The fourth-generation Toyota Prius has reportedly been delayed by at least six months as the car’s engineers continue work on its new hybrid powertrain and modular architecture.

Industry journal Automotive News reports production of the new Prius (codenamed 690A) has been pushed back to December 2015, with the ‘confirmation vehicle’ – a prototype generally built 12 months before the start of full-scale production – scheduled for around November 2014.

The delay means the current, third-generation Prius will likely continue to be sold in Australia until the middle of 2016, by which time it will be more than seven years old.

A source revealed the delay is partially the result of the car’s engineers seeking to maximise its fuel economy. Toyota is targeting efficiency improvements of at least 10 per cent with the fourth-generation Prius – a goal that should see combined cycle fuel consumption fall to about 3.5 litres per 100km.

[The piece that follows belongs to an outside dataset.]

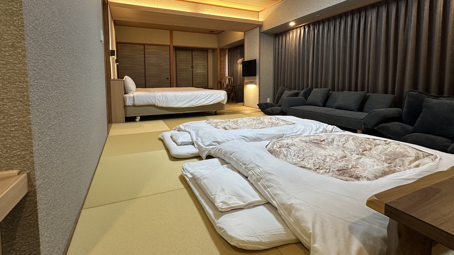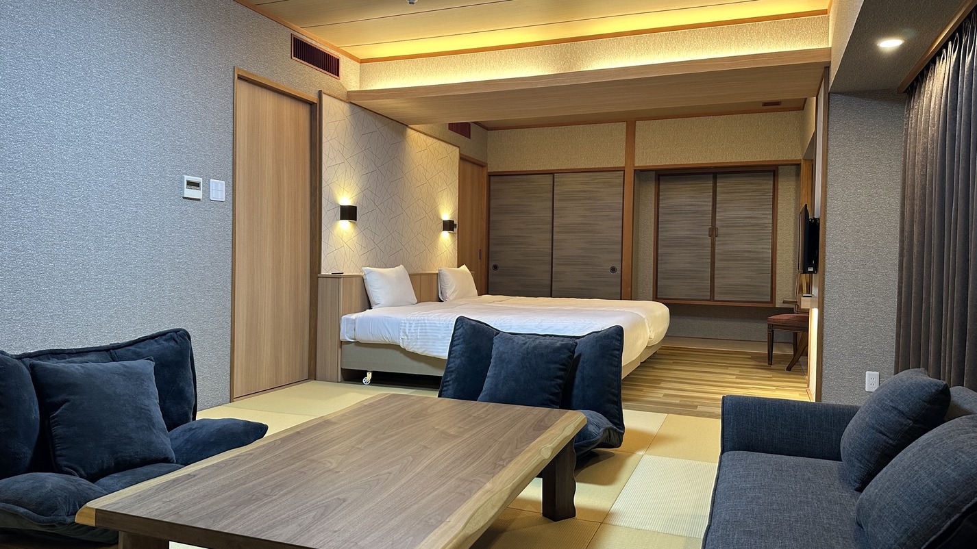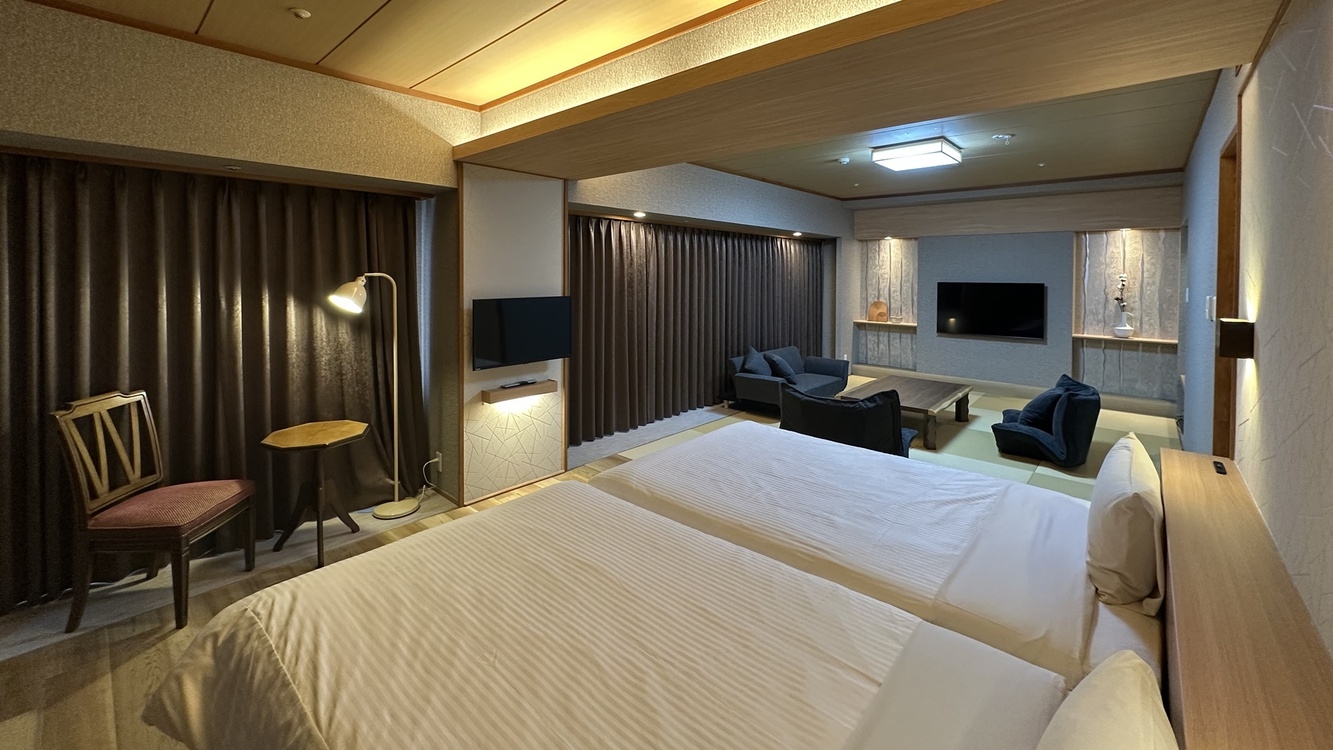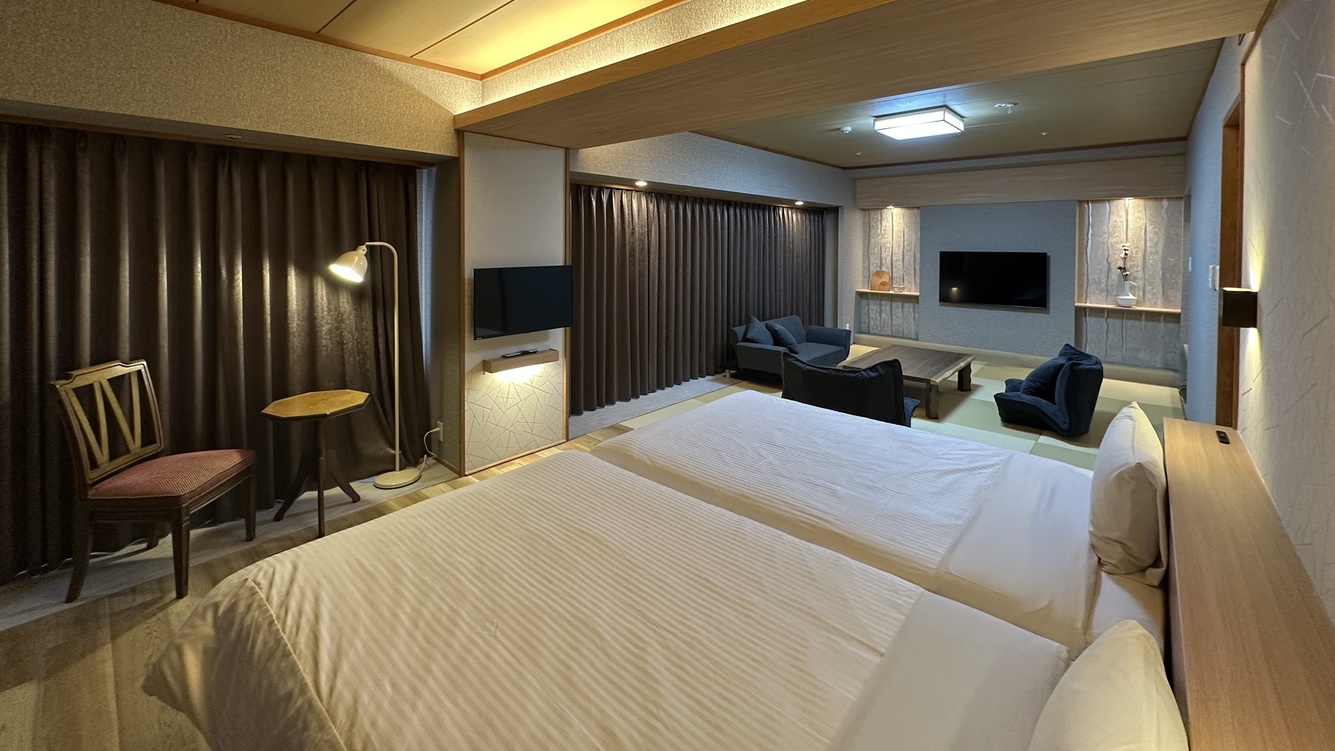 2026年2月リニューアル!18畳のゆったり和洋室。2名様(2台ベッド)はもちろんグループ・ご家族でのご利用可能※無料Wi-Fi完備※YouTubeTV対応

The new Prius will be the first model built on the brand’s modular underpinnings dubbed ‘Toyota New Global Architecture’, which will be used by a host of future models.

Its new-generation hybrid system is also set to be smaller and lighter than the current drivetrain, and will also be versatile enough to power models smaller than the Prius C and larger than the Camry Hybrid.

The publication claims production of the second-generation Toyota Prius plug-in hybrid is expected to follow about 10 months after the regular Prius in October 2016.